(GIVEN MATERIAL Opens)

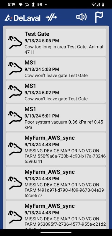 DeLaval AMS Notifier riceve avvisi dal tuo VMS (Voluntary Milking System) tramite notifiche push sul tuo telefono o tablet Android. Gli avvisi verranno visualizzati anche se l'app è in esecuzione in background.
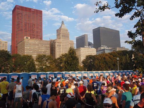 Grant Park 7.45 Uhr Das übliche Warten vor den Toilettenhäuschen. Aber nicht bei jedem Marathon hat man einen solchen imposanten Hintergrund. |
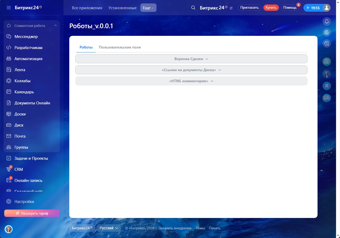 Данные роботы будут полезны для компаний, использующих Битрикс24 для автоматизации бизнес-процессов. Они позволяют расширить функциональность Битрикс24 за счет автоматизации операций и интеграции различных данных.

(GIVEN MATERIAL Closes)

All of the material above should be written out exactly as given, minus any images.

REPLY:
 DeLaval AMS Notifier riceve avvisi dal tuo VMS (Voluntary Milking System) tramite notifiche push sul tuo telefono o tablet Android. Gli avvisi verranno visualizzati anche se l'app è in esecuzione in background.
 Grant Park 7.45 Uhr Das übliche Warten vor den Toilettenhäuschen. Aber nicht bei jedem Marathon hat man einen solchen imposanten Hintergrund. |
 Данные роботы будут полезны для компаний, использующих Битрикс24 для автоматизации бизнес-процессов. Они позволяют расширить функциональность Битрикс24 за счет автоматизации операций и интеграции различных данных.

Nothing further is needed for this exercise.